A coating composition was formulated from the polyester-graft-acrylic copolymer “B” of Example 1 (Part 2).
To a suitable container equipped with agitation was added 93.8 g of polyester-graft-acrylic copolymer “B”. To this was then added 40.0 g of GPRI 7590 (Georgia-Pacific) phenolic resin solution. When completely mixed 6.8 g of N,N′-diethylethanolamine was added under agitation followed by a very slow addition of 1859.4 g of deionized water.
The resulting coating was electrodeposited on tinplated 207.5 easy open ends. The electrodeposition took place at a voltage of 245 volts over a 3 second dwell at a bath temperature of 77° F. The ends were baked in a gas fired oven at an oven temperature of 410° F. for 3 minutes, to give a film weight of ˜8 mg/in2. The resulting ends were tested for film integrity using a Wilkens-Anderson WACO Digital Enamel Rater (See Table 5). Average Enamel Rater values less than 3 milliamps, with no single value greater than 5, were targeted.
A coating composition was formulated from the polyester-graft-acrylic copolymer “C” of Example 2.
To a suitable container equipped with agitation was added 91.8 g of polyester-graft-acrylic copolymer “C”. To this was then added 40.0 g of GPRI 7590 (Georgia-Pacific) phenolic resin solution. When completely mixed 9.5 g of N,N′-diethylethanolamine was added under agitation followed by a very slow addition of 1858.7 g of deionized water.

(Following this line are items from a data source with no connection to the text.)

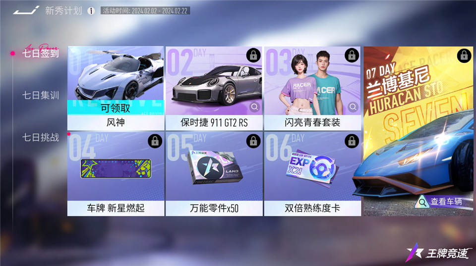 2月1日更新后,新加入速度节的车手们参与新秀计划-七日签到活动,首次登录便可免费领取风神永久赛车,累计登录2天可赢取保时捷911 GT2 RS,累计登录7天就可以将兰博基尼Huracán STO收入麾下!此外还有闪亮青春套装、新星燃起车牌、万能零件等珍贵奖励可在签到活动中免费获取!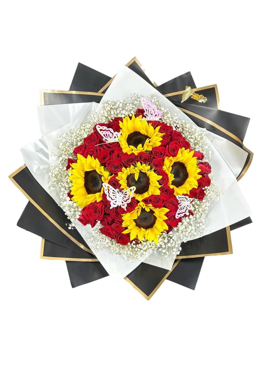 Ramo de 50 Rosas Rojas y Girasoles con Mariposas | Susurros de Mariposa
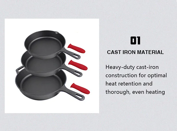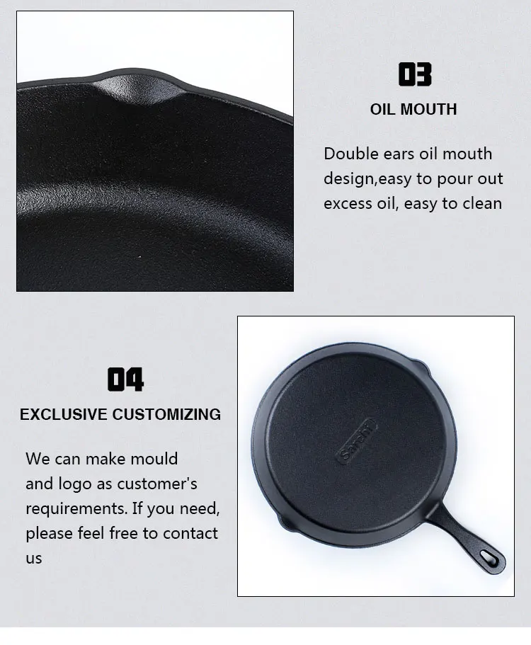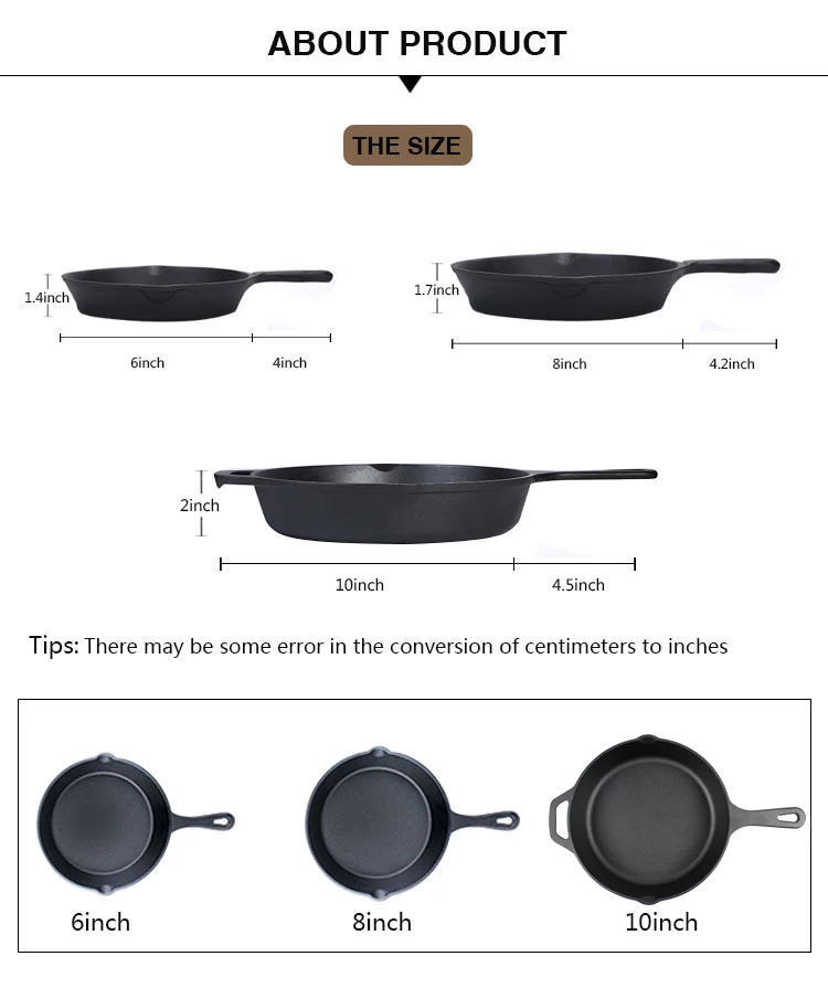 The 8'' 10'' 12'' cast iron skillet set is very cost-effective. It is a classic model among the cast iron frying pans. Its audience is very large, almost Suitable for all families, its entire design, including the size of the cast iron skillet, the help handles, the size of the handle and the price are all a cast iron frying pan that is very suitable.

The resulting coating was electrodeposited on tinplated 207.5 easy open ends. The electrodeposition took place at a voltage of 245 volts over a 3 second dwell at a bath temperature of 77° F. The ends were baked in a gas fired oven at an oven temperature of 410° F. for 3 minutes, to give a film weight of ˜8 mg/in2. The resulting ends were tested for film integrity using a Wilkens-Anderson WACO Digital Enamel Rater (See Table 5). Average Enamel Rater values less than 3 milliamps, with no single value greater than 5, were targeted.
A coating composition was formulated from the acrylic polymer “D” of Example 3.

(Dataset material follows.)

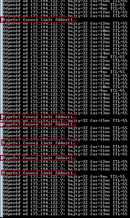 Test pingu na google.com tyto výpadky také zaznamenává
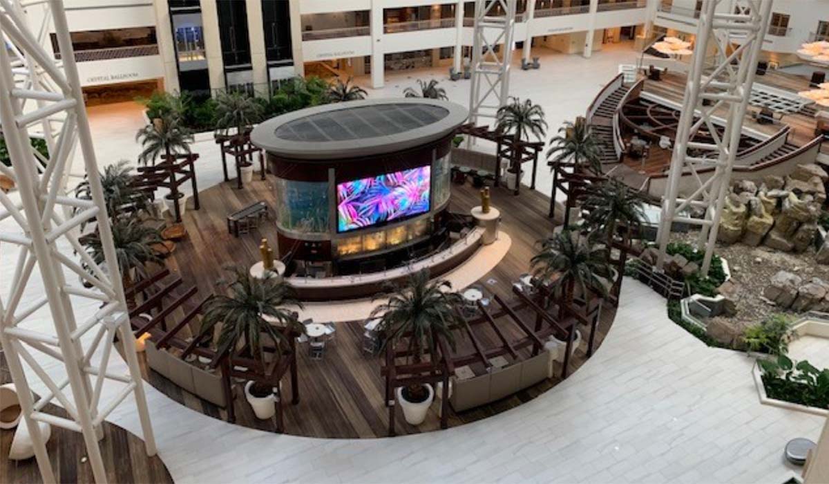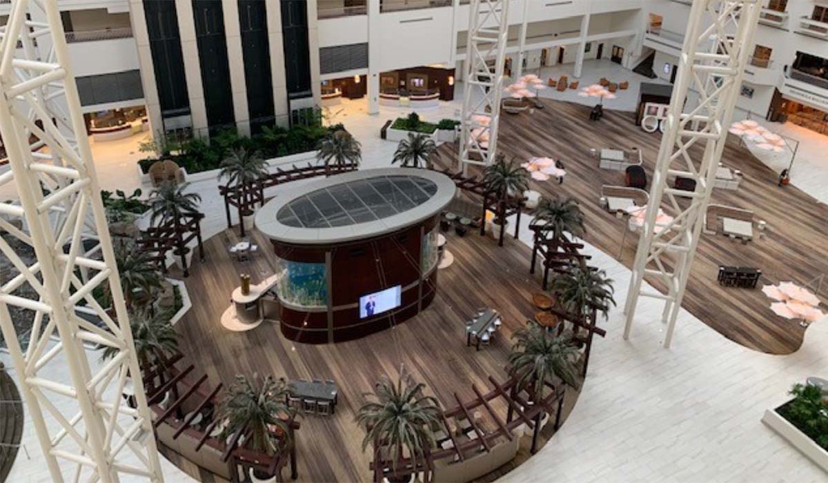 The Renaissance Orlando at SeaWorld is excellent example of just how nimble hoteliers must be to stay at the top of their games and first on travelers’ preferred accommodations lists. Although the hotel completed a $35+ million renovation in 2011, the facility’s 10-story atrium lobby floor was in need of a refresh in less than a decade after the previous remodel.

To a suitable container equipped with agitation was added 67.7 g of the acrylic polymer “D”. To this was then added 40.0 g of METHYLON 75108 (Durez Corporation) phenolic resin. When completely mixed 10.2 g of N,N′-diethylethanolamine was added under agitation followed by a very slow addition of 1882.1 g of deionized water.

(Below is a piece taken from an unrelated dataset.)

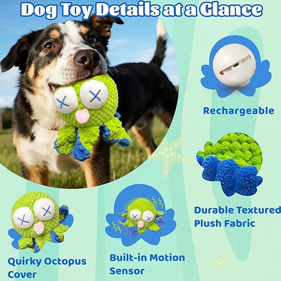 Interactive Octopus Dog Toys - Rechargeable Dog Squeaky Toy with Bouncing Ball, Music, Recording & Silent Modes - Moving Toys to Keep Dogs Busy for Small, Medium & Large Breeds
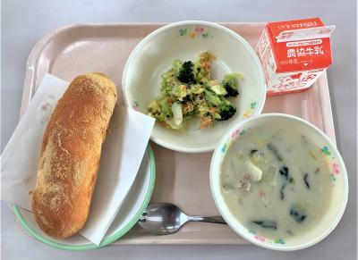 きなこパン、白菜と“のと115”の米粉シチュー(穴水産のと115使用)、ツナサラダ、牛乳

The resulting coating was electrodeposited on tinplated 300 full panel easy open ends. The electrodeposition took place at a voltage of 230 volts over a 30 second dwell at a bath temperature of 85° F. The ends were baked in a gas fired oven at an oven temperature of 410° F. for 3 minutes, to give a film weight of ˜8 mg/in2. The resulting ends were tested for film integrity using a Wilkens-Anderson WACO Digital Enamel Rater (See Table 5). Average Enamel Rater values less than 3 milliamps, with no single value greater than 5, were targeted.
As can be seen from Table 5, excellent enamel rater readings were obtained with all three coatings.
Whereas particular embodiments of this invention have been described above for purposes of illustration, it will be evident to those skilled in the art that numerous variations of the details of the present invention may be made without departing from the invention as defined in the appended claims.